A door seemed suddenly to open down-stairs, and a great breath of icy air came rushing along the corridor. The candle, shaking in the silver sconce in Flora's hand, guttered and flared, then there came another icy breath, and the candle was extinguished altogether. A moment later and George felt Flora's fingers gripping his own.
"Let the candle go," she whispered; "we are far safer without a light. Will you trust me? Will you let me take your hand and guide you?"
"To the end of the world," George said passionately. "To the end of the world for your sweet sake! Lead on and I will follow. The touch of your fingers gives me—"
George paused, as the flare of the searchlight seemed to fill the house again. It rose and fell through the great window at the end of the corridor; the place was light as day.
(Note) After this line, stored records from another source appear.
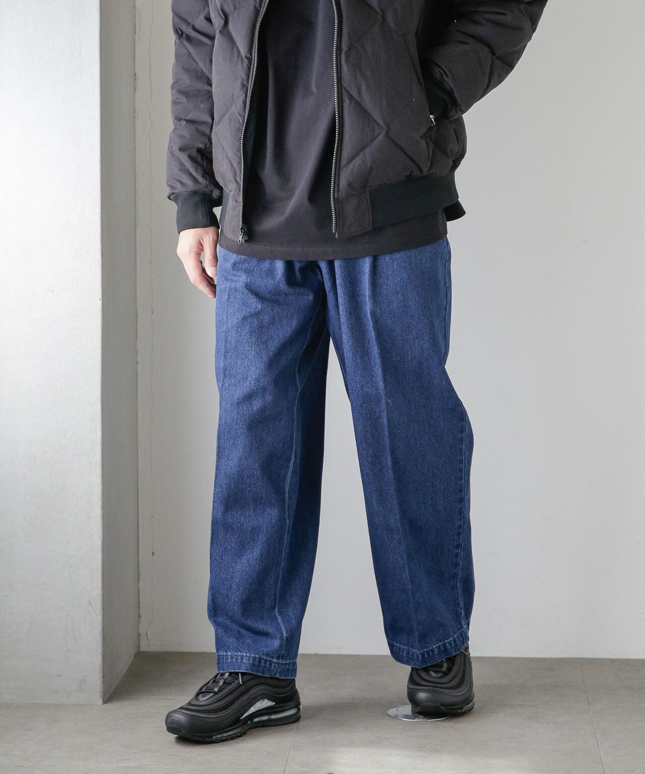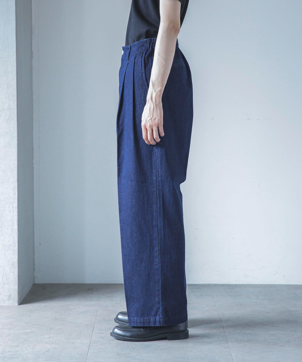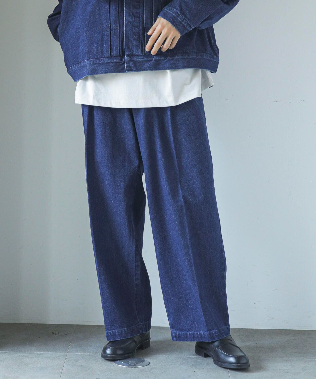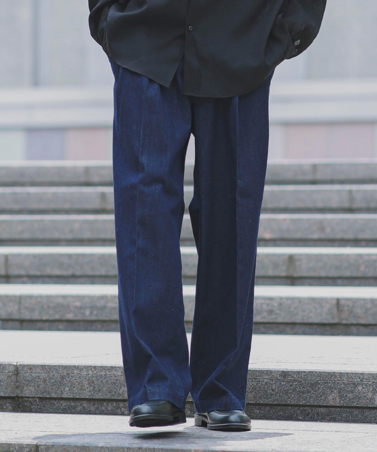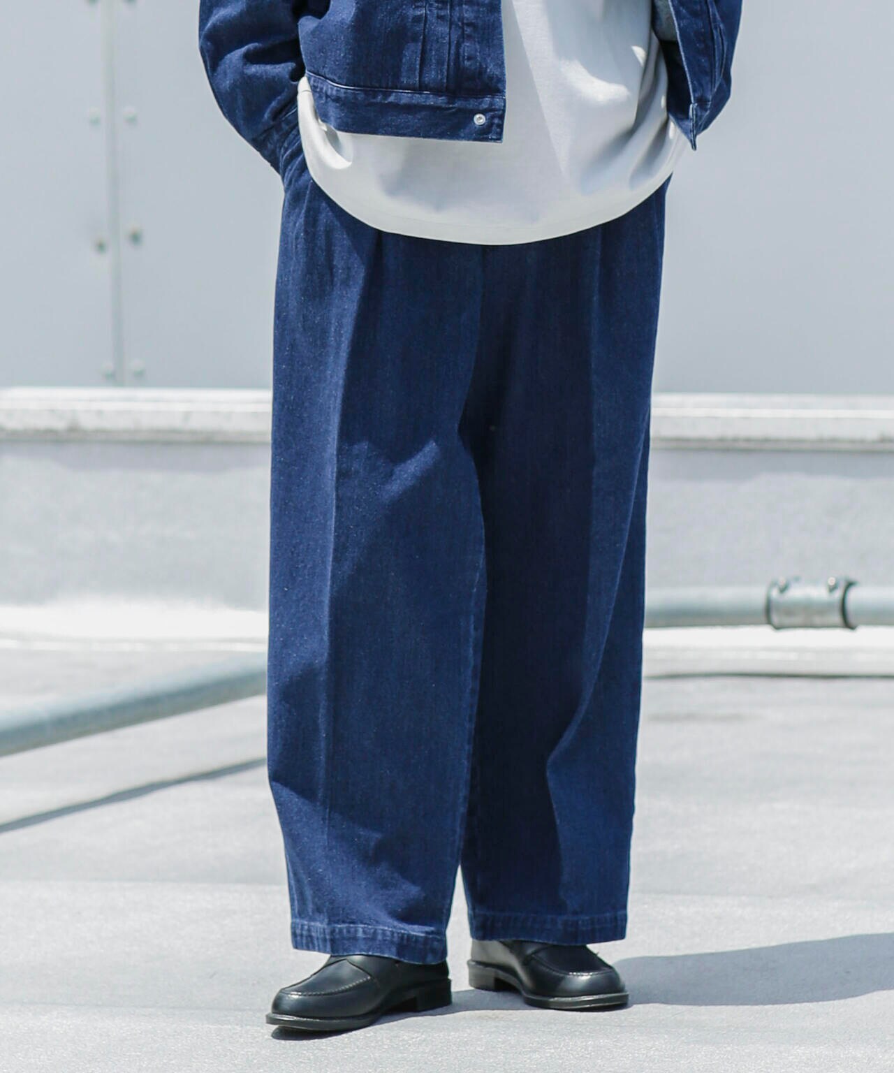 程よい肉感のデニムに2タックを施し腰、ヒップ回りにゆとりを持たせたワイドシルエット。
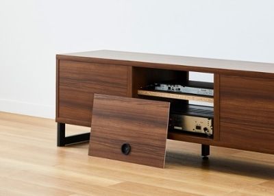 背板は取り外し可能のため、取り外せば奥行きのあるAV機器なども設置可能。また、収納棚の仕切板の奥にコード通し用の隙間があり、別の収納棚に入った機器同士の接続も可能です。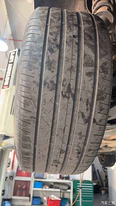看图片,轮胎花纹深度,已经低于5mm了,我也建议更换轮胎。通常都是4-6万公里更换轮胎,定期更换轮胎,也是为了你的安全。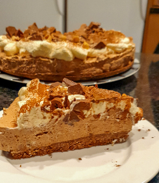 Make sure you blend all the biscuits in the food processor until they’re finely crumbed before adding any other ingredients. Turns out if you dump everything in at once, the butter will just clog up the mix and you won’t get a smooth consistency.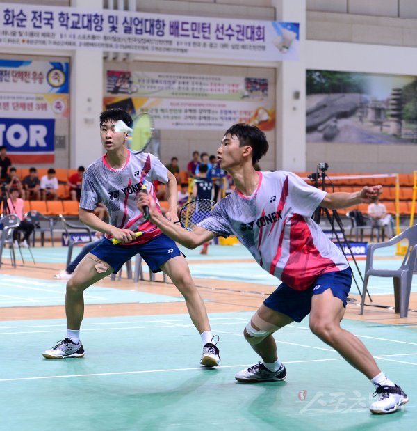 남자고등부 단체전 8강에서 전주생명과학고 장병찬(왼쪽)-김건국 조가 리턴을 하고 있다.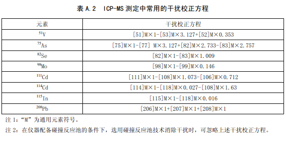 A.1給出了ICP-MS測(cè)定中常見(jiàn)的多原子離子干擾,表A.2給出了常用的干擾校正方程。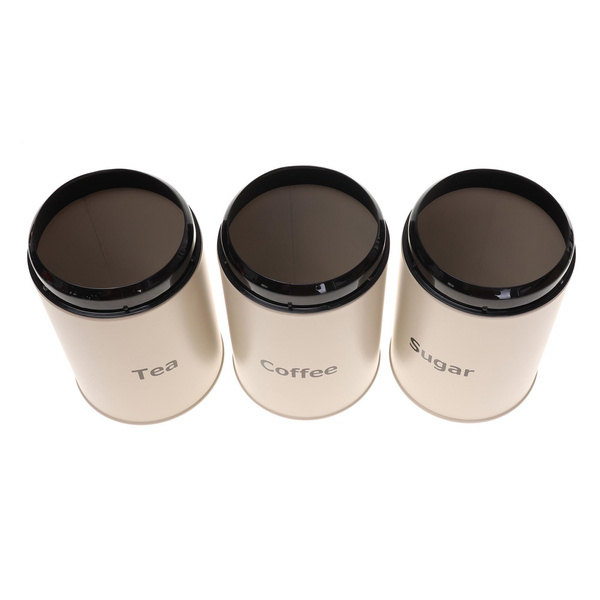 - Na pojemnikach czarny napisy Sugar, Coffee, Tea.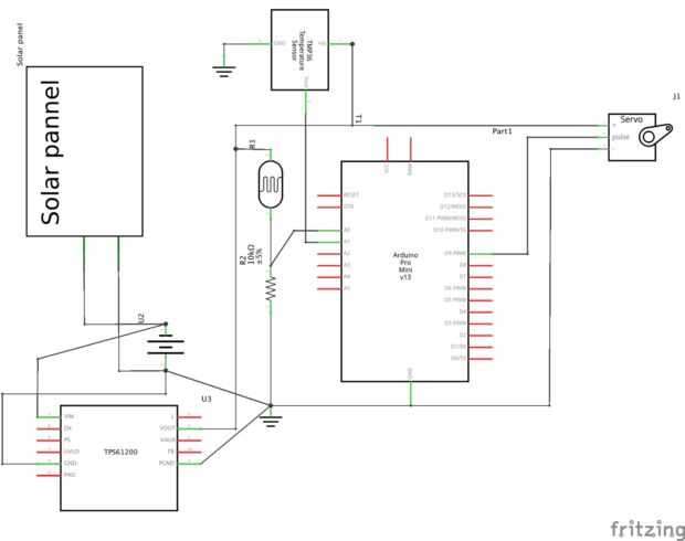 Ignorar la (mal escrito!) Circuitos de Panel solar y de refuerzo a la izquierda - Fritzing no parece tener lo que quería, y yo no he pasado el tiempo para averiguar cómo añadirlo.
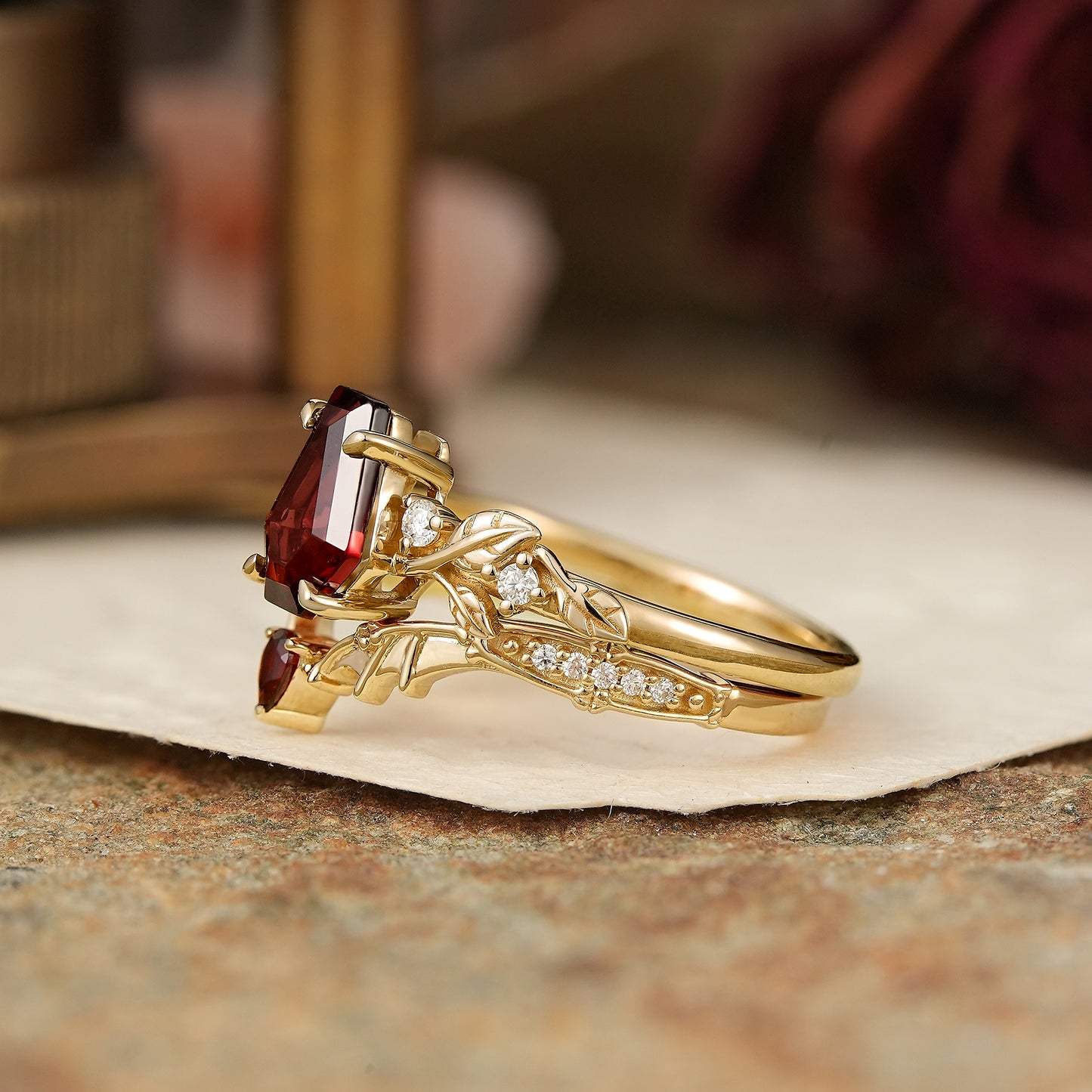 Coffin Cut Garnet Leaf Inspired And Bat Wing Bridal Ring Set - Layla
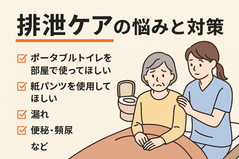 排泄ケアの問題は簡単に片付けられるものではありません。しかし、ひとつひとつ向き合い、ご本人が望んでいる生活を守るために、丁寧な支援が重要になります。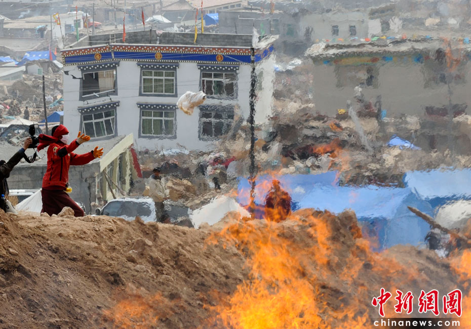 4月17日,青海省玉树县结古镇附近的山坡上,众多地震遇难者遗体被火葬。当日,为妥善及时处理遇难人员遗体,预防灾区疫情的发生与流行,青海出台地震遇难人员遗体处理意见,强调在处理遗体时要尊重少数民族丧葬习俗,尊重死者尊严。图为众多僧侣为逝者祈祷。中新社发 廖攀 摄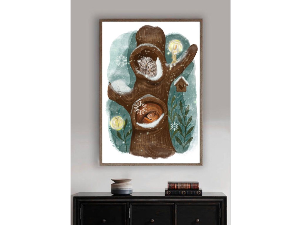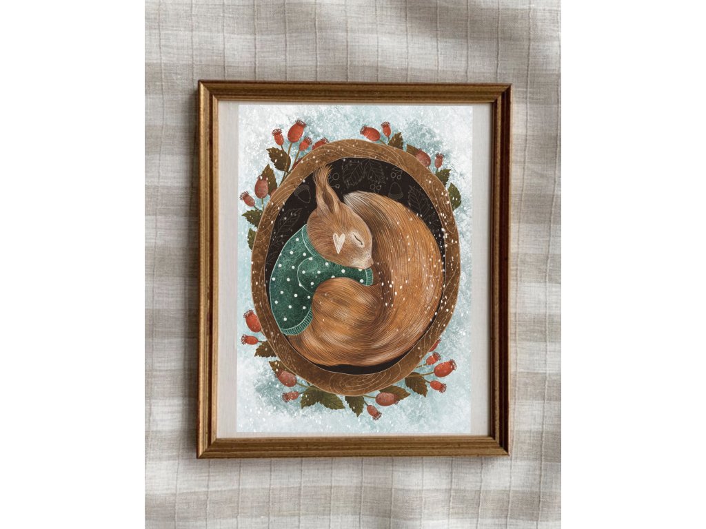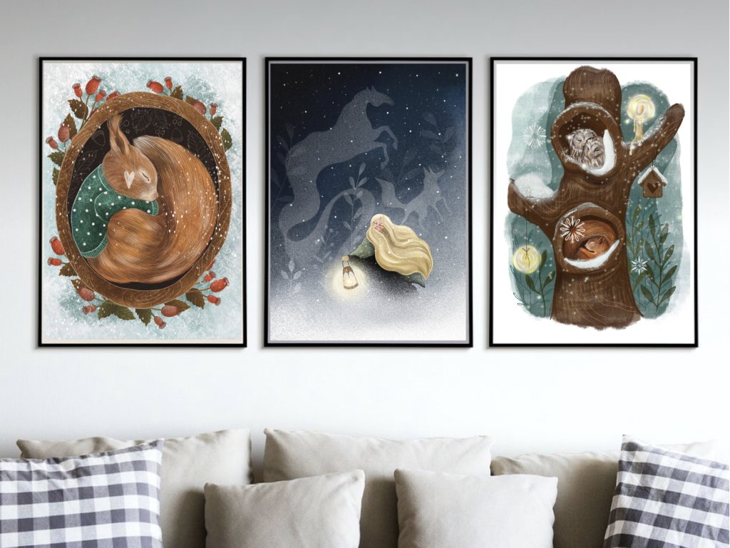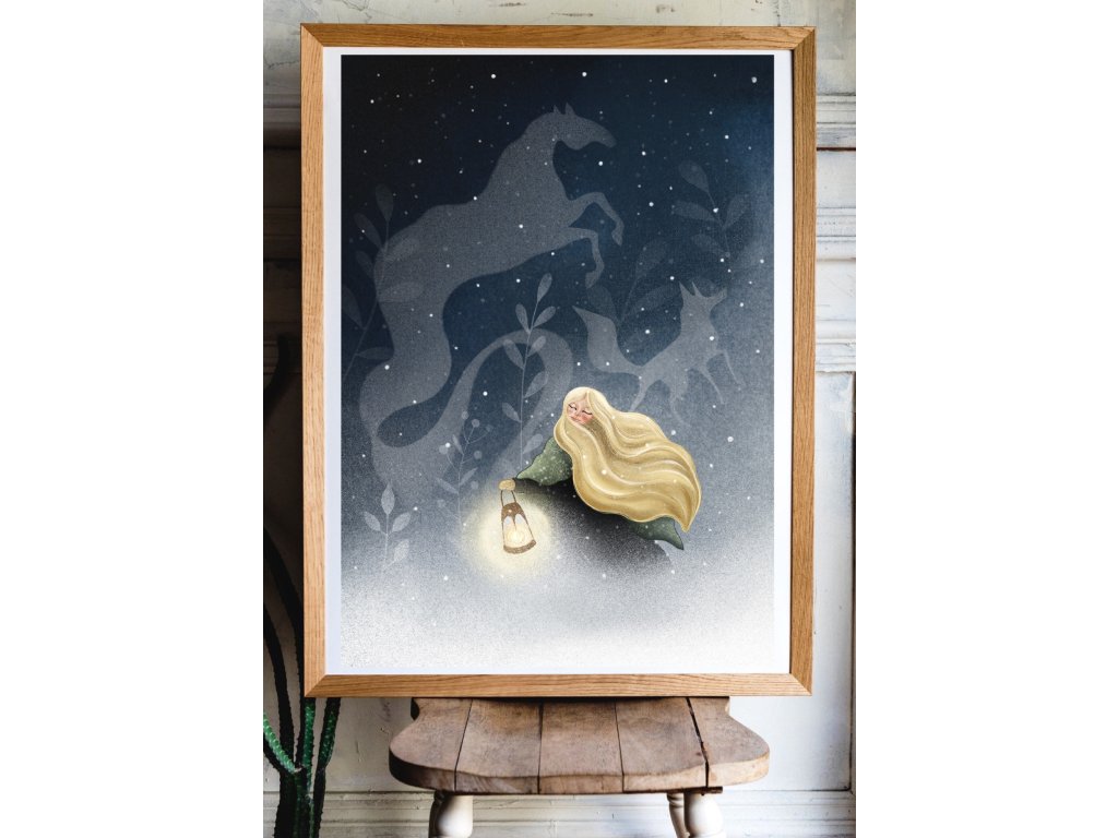 Chladivá tématika, krorá ale zahreje svojou krásou obsahuje print Ryšavé klbko - nech vám pripomenie, že zima je čas oddychu. Z úplne novej kolekcie je to ilustrácia Snežné kone plná tajomna, snehu, nádeje, tmy no zároveň svetla. Ako posledný print v balíčku nájdete Celú zimu prespím - veľmi obľúbený motív nielen deťmi :)

Then the side sash of the parlour casement was lifted a little, and a white yet strong and sinewy hand appeared, grasping the edge of the frame.
"Look!" Flora whispered. "Look and tell me what you make of that!"
The white, hot flame seemed to beat fully upon the grasping hand. Then a steely wrist followed, and beyond the wrist the hideous yellow and the broad arrow of a convict's garb. And once more the two signal guns boomed out in quick succession.
"You are not afraid?" George asked.
"Afraid?" came the fiercely exultant reply. "Oh, no; I am glad, glad, glad!"